On December 28, 2022, Richards was drinking with a woman at her house.

The woman told him he had drunk too much and that he should go to sleep on the sofa.

Richards punched a hole in her wall and smashed a window; she barricaded herself in her bedroom, and a neighbour called the police.

Two police officers arrived to see Richards holding a large kitchen knife; one officer told him to put it down, but he refused.

Richards lifted the knife behind his shoulder and threw it four metres across the room, piercing the officer through his face and creating a 5cm gash on the inside of his cheek.

Richards was restrained and arrested; the wounded officer was hospitalised and needed plastic surgery.

The police officer requested that his victim impact statement be read aloud in court.

He said he had repeatedly replayed the incident in his mind since it happened.

“If it had been two inches up or down, it could have gone through my eye or neck.”

He said his wife had been suffering from anxiety since the incident and continually checked in on him at work to make sure he was okay.

“How dare he almost take a husband away from his wife, a father from his children,” he said.

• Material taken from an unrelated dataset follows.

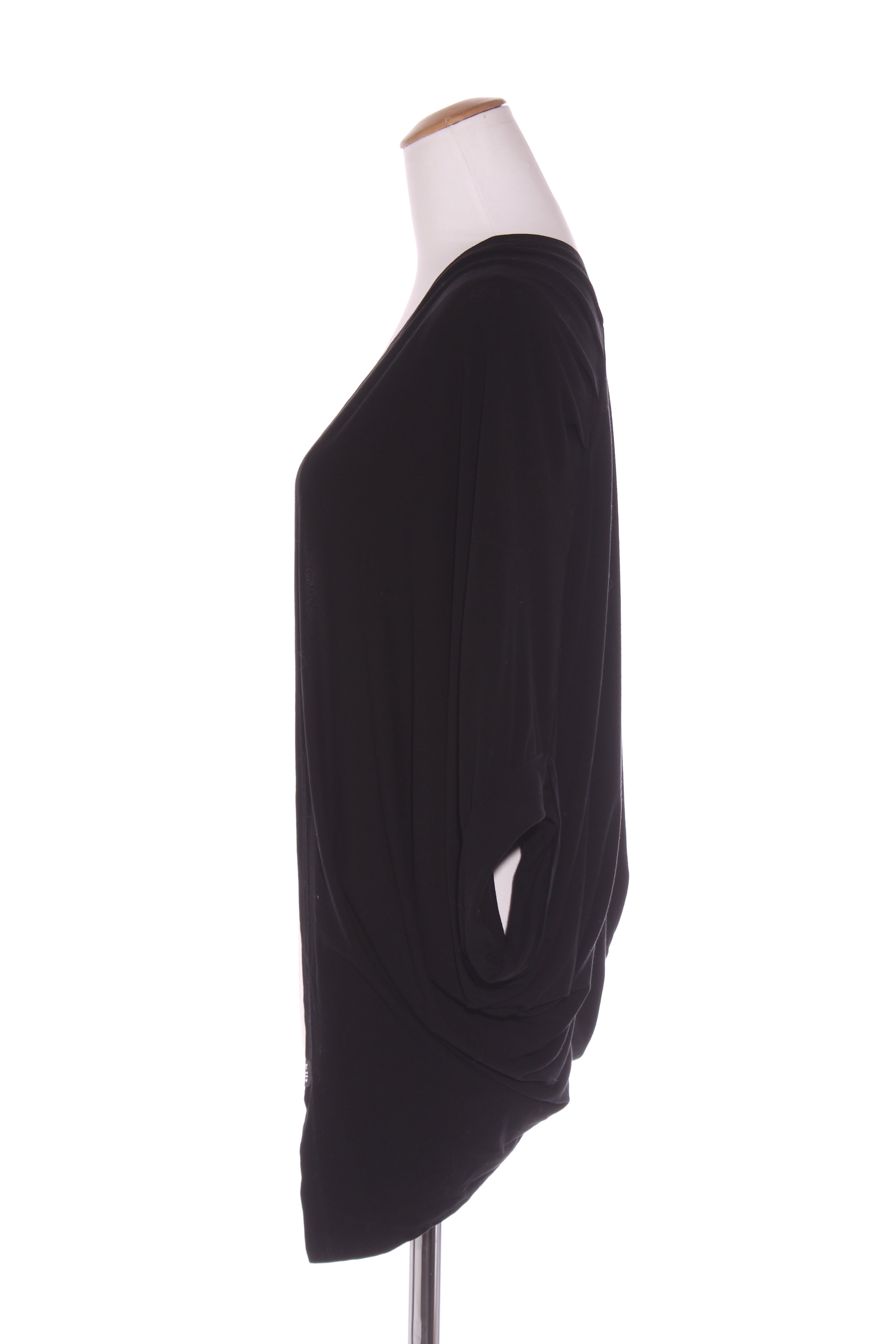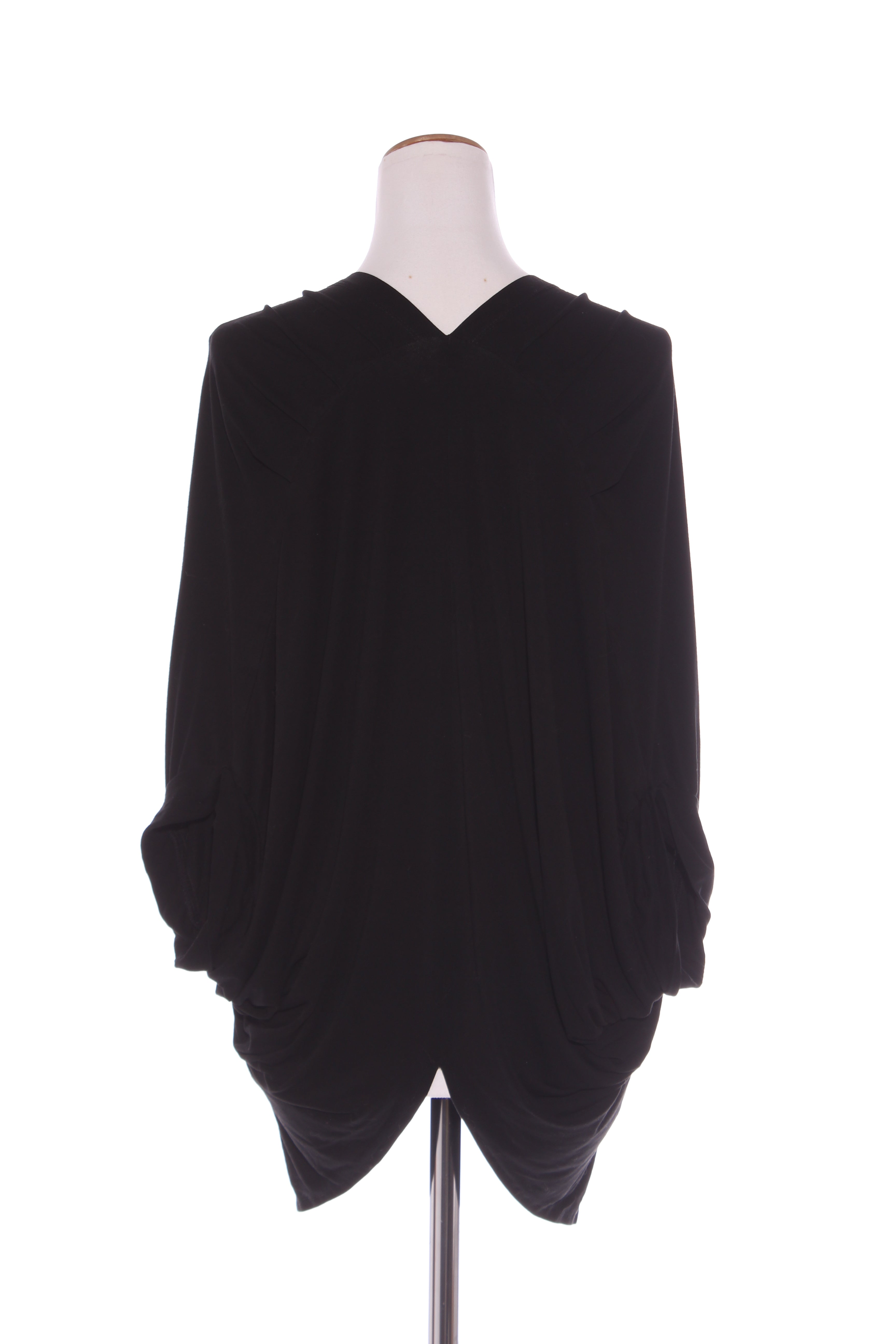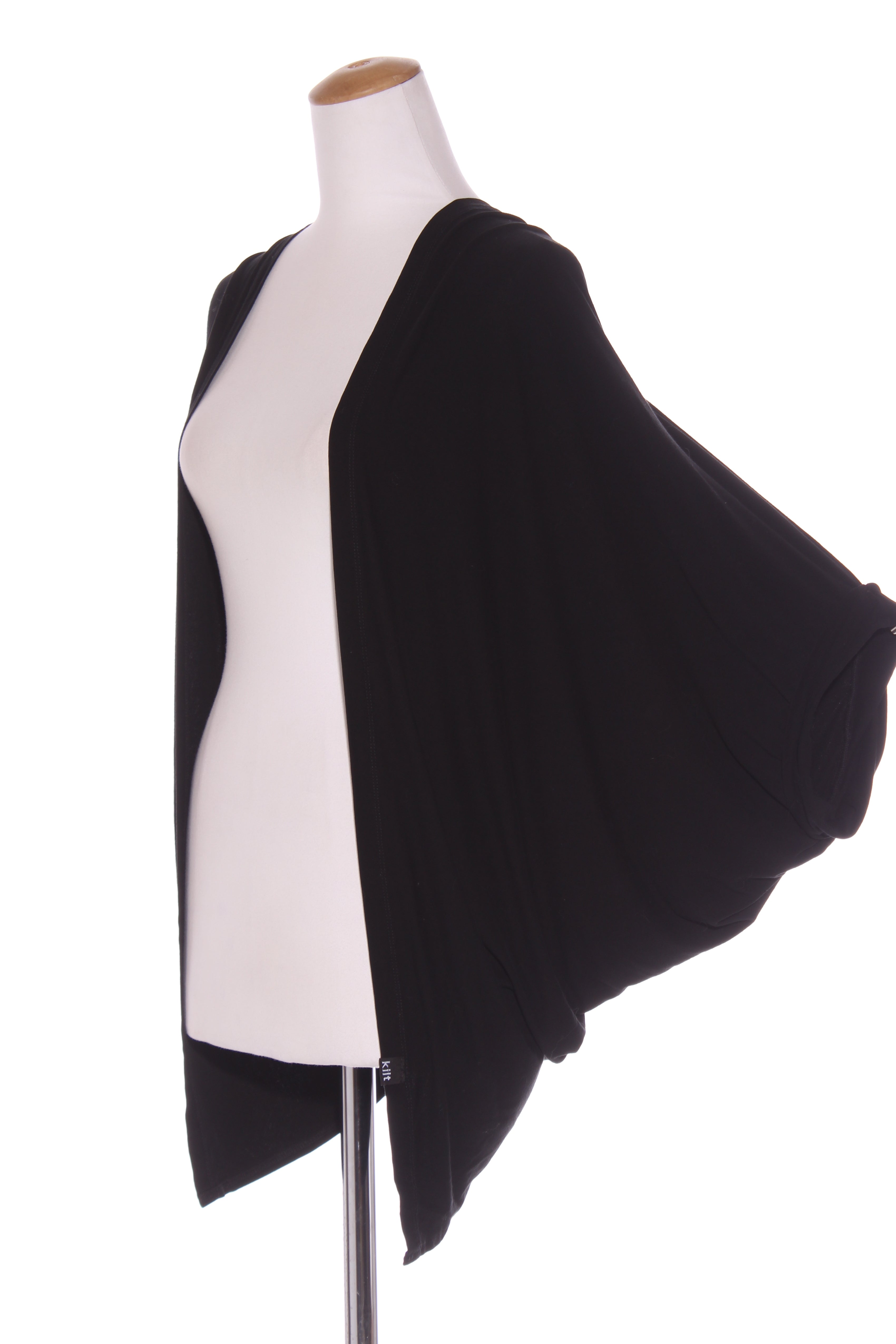 SIZE ON TAG: OSFAFITS LIKE: 8-18COLOUR: BlackFABRIC: Viscose, spandexCONDITION: Excellent prelovedMEASUREMENTS:BUST: Free WAIST: Free LENGTH: 64-85cmsNOTES: Made in NZ. Open front no fastening. Fabric has stretch.

“I joined the police to help people; I don’t deserve to have my life treated as expendable.” Richards had been on home detention with a 24/7 curfew – except for going to work – since the offending in December.

Judge Barbara Morris said when duty calls, police officers must respond to perilous situations and try to help.

She noted Richards had no convictions apart from a driving conviction some time ago.

She said he had complex mental health issues and was on significant medication.

“Your parents indicated that this is completely out of character; they believe alcohol and your anxiety medication combined to make you act this way. I don’t have information to say if this is the case, but it would otherwise seem unexplainable,” Judge Morris said.

“There is no question that if you had a history of violence, you would go to prison.”

After applying a discount for a guilty plea and accounting for time served, Judge Morris reduced the sentence to below two years, meaning it could be served with home detention rather than prison.

Richards was sentenced to seven months of home detention and ordered to pay $800 emotional harm reparation.